1968 Sports Hall of Fame Inductee - Dick Williams and Sam Gardiner

Induction Year: 1968
Category: Team

Image
Sam Gardiner and Dick Williams

* Photo Left to right: Dick Williams and Sam Gardiner
North Vancouver Lawn Bowling Club photo; North Vancouver Museum and Archives collection (#4453)

Biography

Dick Williams and Sam Gardiner were used to being on centre stage – Dick as a fine soccer player who played on a Canadian select team which produced an impressive 20-2-1 won-lost-tied record during a 1927 tour of New Zealand; and Sam during his days as an actor and stagehand in North Vancouver drama circles from the 1920s and into the 1940s. But never were they as front and centre as they were on July 30, 1954.

On that day Gardiner was pictured on the front page of The Vancouver Sun throwing the opening bowl of the lawn bowling competition during the historic British Empire and Commonwealth Games in Vancouver as the attention of the world was directed towards the city due to the much-anticipated Miracle Mile between Roger Bannister and John Landy. And the lawn bowling competition was the opening act of the Games, starting 10 hours before the official opening ceremonies. 

Gardiner, 65, and Williams, 56, had been involved with bowls for many years. Both had been president of the North Vancouver Lawn Bowling Club, the North Shore’s oldest continuously operating club in any sport, going back to 1923; with Williams in leadership in 1937 and Gardiner in 1946.
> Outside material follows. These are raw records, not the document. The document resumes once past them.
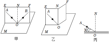如图,甲、乙是“探究光的反射规律”的实验装置。平面镜M放在水平桌面上,E、F是两块粘连起来的硬纸板,且可绕ON转动。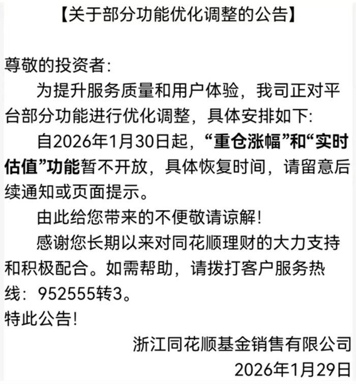 以同花顺为例,其于近日公告,自1月30日起暂停"重仓涨幅"与"实时估值"功能,以提升服务合规性;京东金融则先行一步,于1月29日即下架"基金估值"功能,并同步关闭"实盘牛人榜"等可能引发跟风交易的数据展示板块。此类调整旨在减少盘中估算净值对投资者的非理性诱导,引导长期价值投资理念。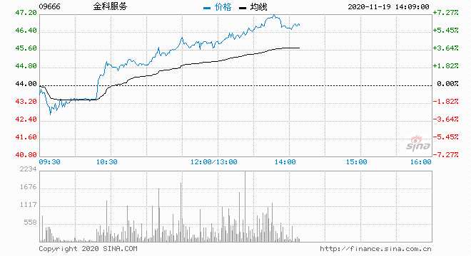 金科服務(wù)午后漲超6%,截至發(fā)稿,漲6.59%,報(bào)46.9港元,成交額2.77億港元。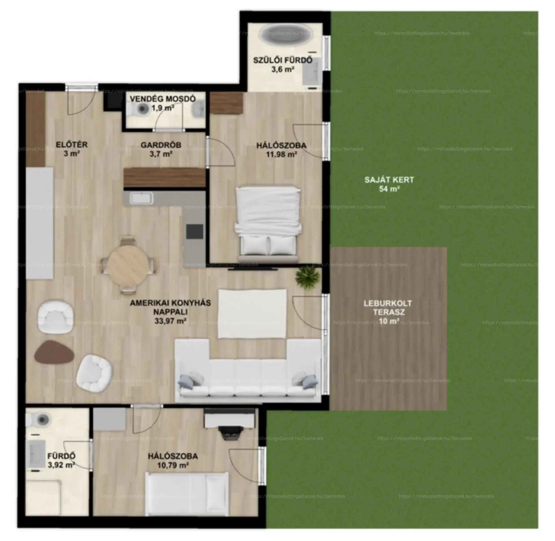 - Kert: kb. 60 m² saját használatú, amely akár igény szerint bővíthető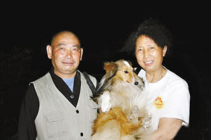通過智富,“愛之家”找到了黃色雜有黑毛的中華田園犬“前進”和黃白色長毛、背上有一撮黑毛、不足一歲的喜樂蒂狗“乖乖”。徐先生說,在將“前進”和“乖乖”帶離災區(qū)時,當?shù)睾芏啻迕穸技娂妵蟻硪蠛蛢芍弧傲x犬”合影。

However it was the team accomplishments of skip Williams and lead Gardiner as reigning Canadian pairs champions and then silver medalists during those 1954 Games – with a stellar 6-2-1 record in competition against the sport’s most dominant nations at that time – which capped their bowls career. 
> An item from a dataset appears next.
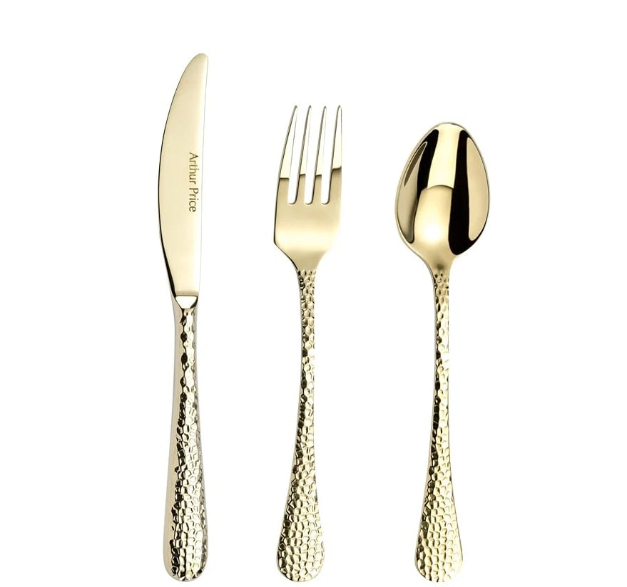 Arthur Price Rackhams 'Champagne Avalon' Stainless Steel Gift Boxed Children's Knife Fork Spoonfrom £19.50Compare prices2→A new cutlery collection from Arthur Price. Available in 18/10 stainless steel and champagne gold, all stunningly packaged. Champagne Avalon beautifully combines traditional and modern design elements more→. It lends itself to everyday use and special occasions. Each piece has a hammered textured finish to the handle which adds interest and perfect for catching the light and adding glamour to any table setting. Champagne Avalon is decorated with a subtle champagne PVD coating which stands for Physical Vapour Deposition using non-toxic materials such as Titanium. PVD coatings are hard wearing, hypoallergenic and completely food safe. Produced from the finest 18/10 stainless steel, dishwasher safe …

It was one thing for Gardiner, born in England, and Williams, from Wales, to land up in North Vancouver after emigrating to B.C. at age 20 and 15 respectively and eventually to team together much later to face their countries of origin in a sport that was conceived in the United Kingdom. It was something else again to defeat them and other world-class countries to claim second behind Northern Ireland whom they had tied 18-18.  And years later it earned them a place in the North Shore Sports Hall of Fame in its inaugural year of 1968.